Open yarikoptic opened 5 years ago
btw -- doesn't happen in 0.8!
$> python -c 'import bids as b; print(b.__version__); print(b.BIDSLayout(".").get_collections(level="dataset")[0].to_df().to_dict(orient="records"))'
0.7.0+51.g4da3e8d
[{'language': '\xd1\x80\xd1\x83\xd1\x81\xd1\x81\xd0\xba\xd0\xb8\xd0\xb9', 'gender': nan, 'age': '30-35', 'handedness': 'r', 'hearing_problems_current': 'n', 'subject': '01'}, {'language': 'english', 'gender': 'f', 'age': '20-25', 'handedness': 'r', 'hearing_problems_current': 'n', 'subject': '03'}]

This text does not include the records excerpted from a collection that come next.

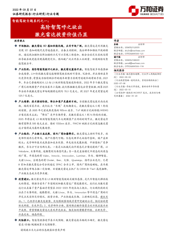 【万和证券】【20220907】智能驾驶专题系列之一:高阶智驾呼之欲出 激光雷达投资价值凸显-33页 行业研究
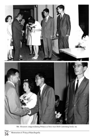 Mr. Houston congratulating Prinya as best man Bob Cumming looks on. Page 36 Memories of Prinya Wanchupela
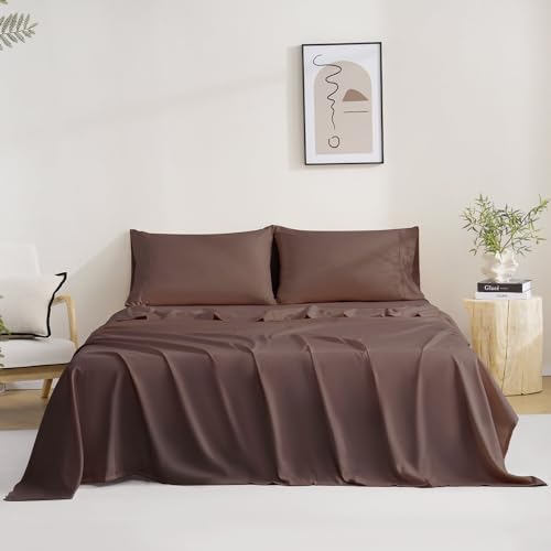 Click for More Images COOLING & BREATHABLE COMFORT - Elevate your sleep experience with our premium bedding set. The thinner sheet set is lightweight and breathable. Our sheets set are crafted to keep you cool and refreshed. The sheets' natural...
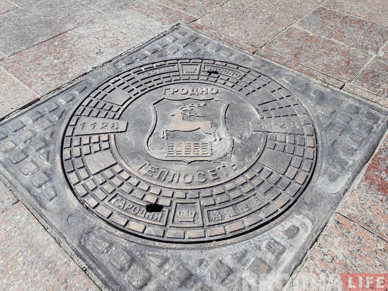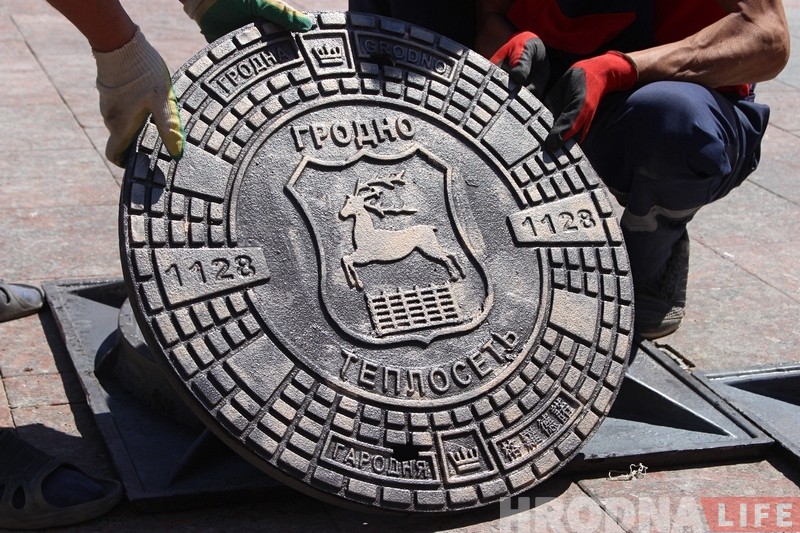 Новыя люкі з гербам Гродна, годам заснавання і назвай горада на чатырох мовах. Таксама маецца надпіс «Теплосеть».
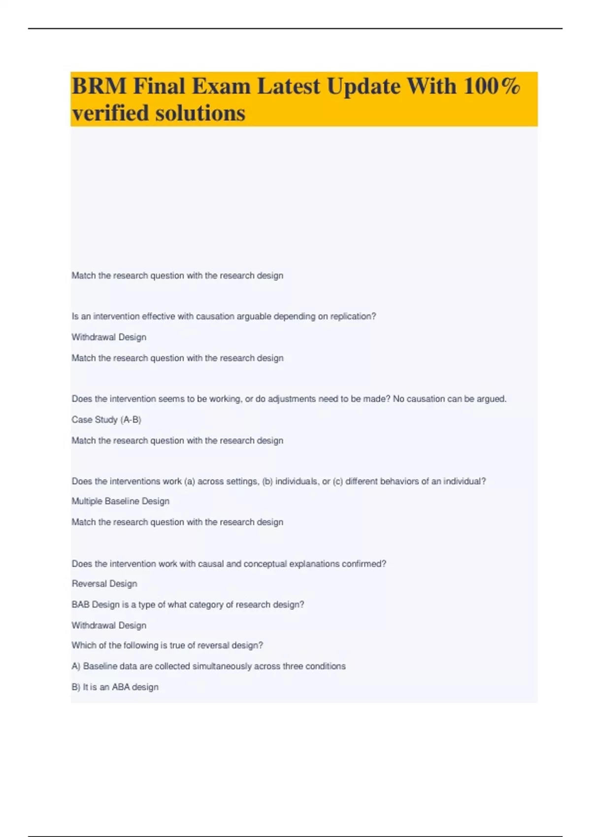 BRM Final Exam Latest Update With 100% verified solutions

as for the question on "what if I have suffix column" - 0.8 works correctly, in 0.7.1. gets overwritten with suffix="participants". in 0.7.0 also as good as 0.8. FWIW
$> python -c 'import bids as b; print(b.__version__); print(b.BIDSLayout(".").get_collections(level="dataset")[0].to_df().to_dict(orient="records"))'
0.7.1
[{'suffix': 'participants', 'language': '\xd1\x80\xd1\x83\xd1\x81\xd1\x81\xd0\xba\xd0\xb8\xd0\xb9', 'gender': nan, 'age': '30-35', 'handedness': 'r', 'hearing_problems_current': 'n', 'subject': '01'}, {'suffix': 'participants', 'language': 'english', 'gender': 'f', 'age': '20-25', 'handedness': 'r', 'hearing_problems_current': 'n', 'subject': '03'}]
$> cat participants.tsv
participant_id gender age handedness hearing_problems_current language suffix
sub-01 n/a 30-35 r n русский suf1
sub-03 f 20-25 r n english suf2
(dev) 1 21448.....................................:Fri 08 Feb 2019 05:33:30 PM EST:.
(git-annex)hopa:~/.tmp/datalad_temp_tree_test_within_ds_file_searchhwDbsv[master]

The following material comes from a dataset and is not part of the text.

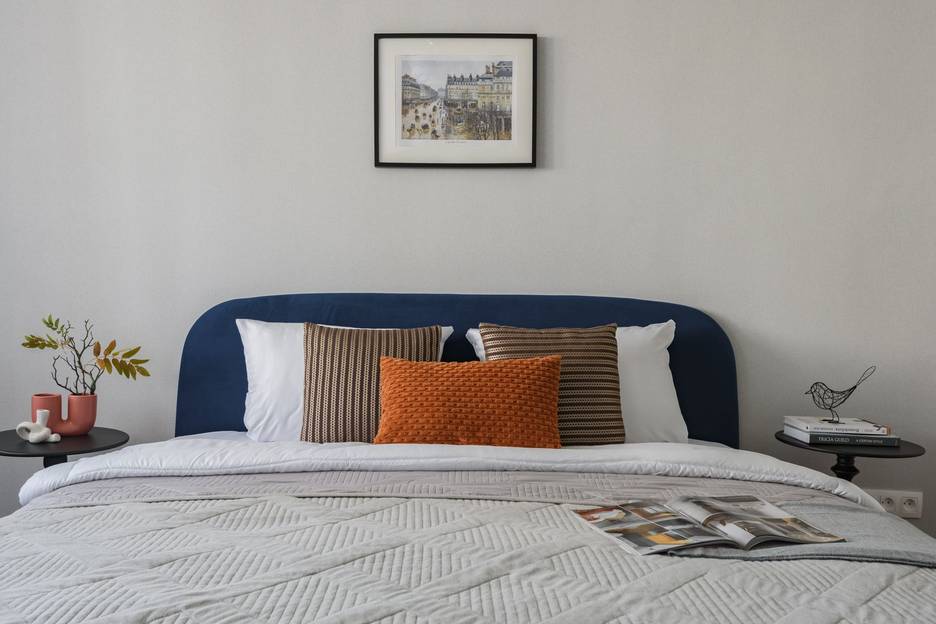 Удобную двуспальную кровать с ортопедическим матрасом и раскладной диван для двух дополнительных мест.

$> cat 'import bids as b; print(b.__version__); print(b.BIDSLayout(".").get_collections(level="dataset")[0].to_df().to_dict(orient="records"))'
cat: 'import bids as b; print(b.__version__); print(b.BIDSLayout(".").get_collections(level="dataset")[0].to_df().to_dict(orient="records"))': No such file or directory
(dev) 1 21450 ->1.....................................:Fri 08 Feb 2019 05:33:38 PM EST:.
(git-annex)hopa:~/.tmp/datalad_temp_tree_test_within_ds_file_searchhwDbsv[master]

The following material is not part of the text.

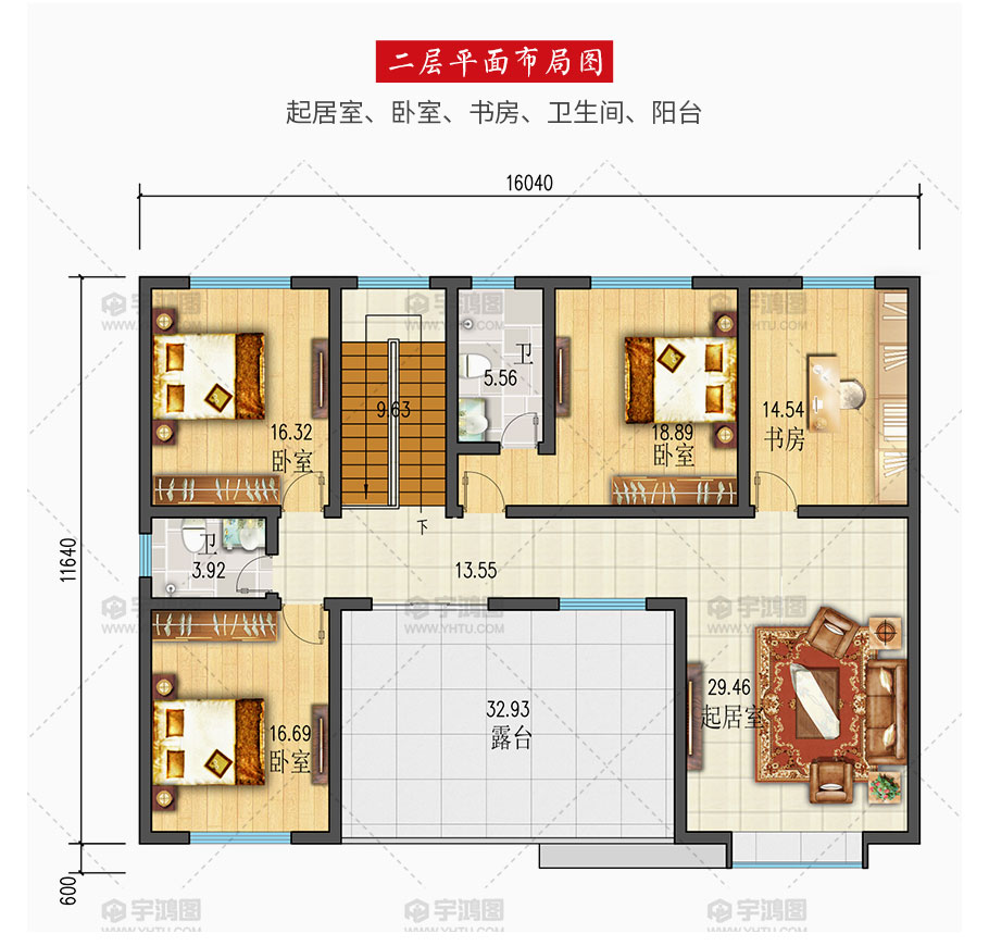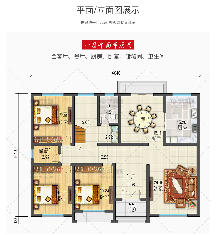 開間:16.04米 進深:12.24米 占地面積:191平方米 建筑面積:340.48平方米

$> python -c 'import bids as b; print(b.__version__); print(b.BIDSLayout(".").get_collections(level="dataset")[0].to_df().to_dict(orient="records"))'
0.7.0+51.g4da3e8d
[{'suffix': 'suf1', 'language': '\xd1\x80\xd1\x83\xd1\x81\xd1\x81\xd0\xba\xd0\xb8\xd0\xb9', 'gender': nan, 'age': '30-35', 'handedness': 'r', 'hearing_problems_current': 'n', 'subject': '01'}, {'suffix': 'suf2', 'language': 'english', 'gender': 'f', 'age': '20-25', 'handedness': 'r', 'hearing_problems_current': 'n', 'subject': '03'}]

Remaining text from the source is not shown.